DIRECTIONS FOR THIS TASK
Restate every line below word for word, but drop each picture.

RECORDED DATA
- - -

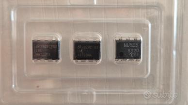 Kit di op-amp intercambiabili che comprende tre amplificatori operazionali ed uno strumento per la regolazione semplificata degli op-amp MUSE.
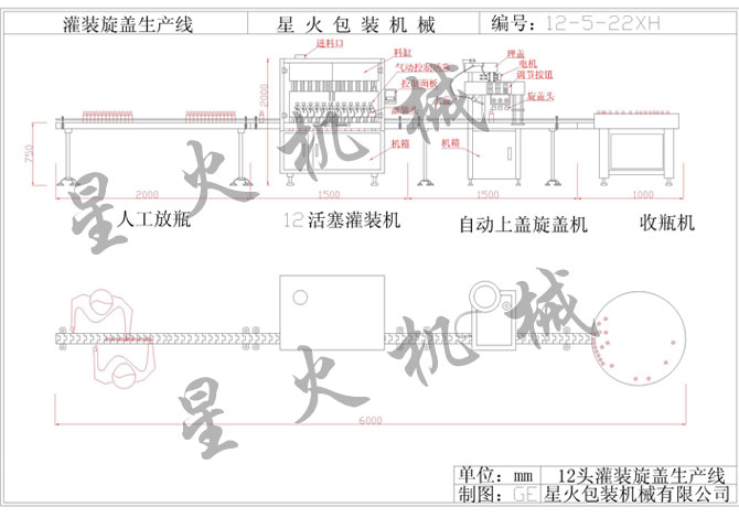 理瓶2頭灌裝真空旋蓋貼標噴碼收瓶及開箱封箱打包生產(chǎn)線
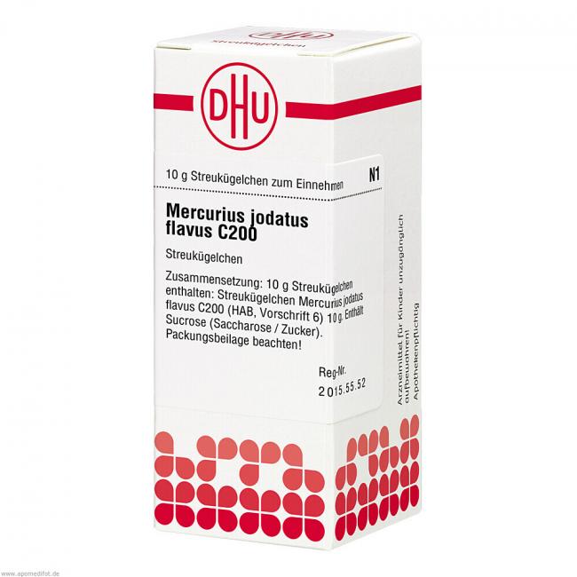 Mercurius Jodatus Flavus C 200. Anwendungsgebiete: Registriertes homöopathisches Arzneimittel, daher ohne Angabe einer therapeutischen Indikation. Warnhinweis: Dieses Arzneimittel enthält Sucrose (Saccharose / Zucker).

- - -

RESULT
 Kit di op-amp intercambiabili che comprende tre amplificatori operazionali ed uno strumento per la regolazione semplificata degli op-amp MUSE.
 理瓶2頭灌裝真空旋蓋貼標噴碼收瓶及開箱封箱打包生產(chǎn)線
 Mercurius Jodatus Flavus C 200. Anwendungsgebiete: Registriertes homöopathisches Arzneimittel, daher ohne Angabe einer therapeutischen Indikation. Warnhinweis: Dieses Arzneimittel enthält Sucrose (Saccharose / Zucker).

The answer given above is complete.